I'm very pleased to welcome you to tell you a few words about the history and the heritage of our village which comprises two parts ; I suggest we call them Lower Villennes and Upper Villennes. As my language and my accent are neither english nor scottish and the time is short, my friend Stuart Wood will translate the speech I have written. He has scottish roots but he doesn't know the relationship between his family and your famous admiral of the scottish navy, Andrew Wood.


Le plan-relief

Ce plan-relief représente le village de Villennes en 1896, une année-charnière dans l'évolution du village agricole vers la cité de villégiature. Par manque de place, seule la partie centrale de Villennes, traversée par la Seine et par la ligne de chemin de fer, y figure.
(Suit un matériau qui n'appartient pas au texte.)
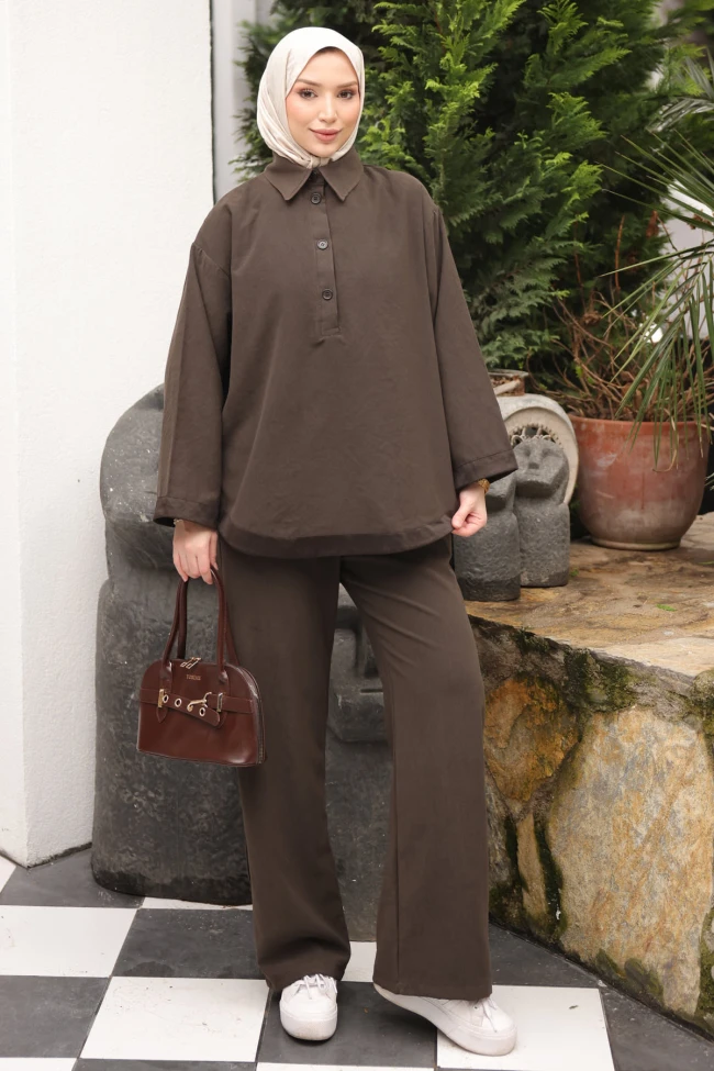 * Ürün Detay :Modern tesettür giyimde çok sevilen "çabasız şıklık" ve konforu bir araya getiren bir parça.Tuniğin polo yaka ve yarım düğme patı detayı, ürüne spor-klasik arası bir hava katmış. Özellikle etek ucundaki ve kol ağızlarındaki garnili şeritler, takımı düz bir eşofman takımı olmaktan çıkarıp tasarım bir ürüne dönüştürmüş.Oldukça dökümlü ve geniş kesimi sayesinde, vücut hatlarını belli etmeyen ama hantal da durmayan bir silüet çiziyor. Pantolonun bol paça yapısı, tuniğin oversize formuyla mükemmel bir denge kurmuş.Pantolon yüksek bel, bel lastikli ve cepli.

Vous pouvez voir que le centre du village ne se trouvait pas ici mais au-dessus du parc du château qui occupait une place importante : les maisons et les rues de cette partie ancienne existent toujours. 

Voici le point où nous sommes, actuellement, [l'entrée de la Salle des Arts] à côté des bâtiments du château du XIXe siècle.


L'église


Ici se trouve l'église, qui est le bâtiment le plus ancien : elle a été construite à la fin du XIe siècle et au début du XIIe. Elle a été placée sous le patronage de Saint-Nicolas, protecteur de tous les marins, ceux des mers et ceux d'eau douce, les mariniers, la Seine ayant depuis longtemps constitué une voie de transport fluvial.

Je ne parlerai pas plus longtemps de l'église car vous la visiterez bientôt ; vous pourrez y voir, notamment, d'intéressants chapiteaux. Dans la mairie, a été placé le tableau La Pentecôte qui se trouvait dans l'église ; il avait été réalisé en 1648 par un peintre assez connu [Laurent de la Hyre].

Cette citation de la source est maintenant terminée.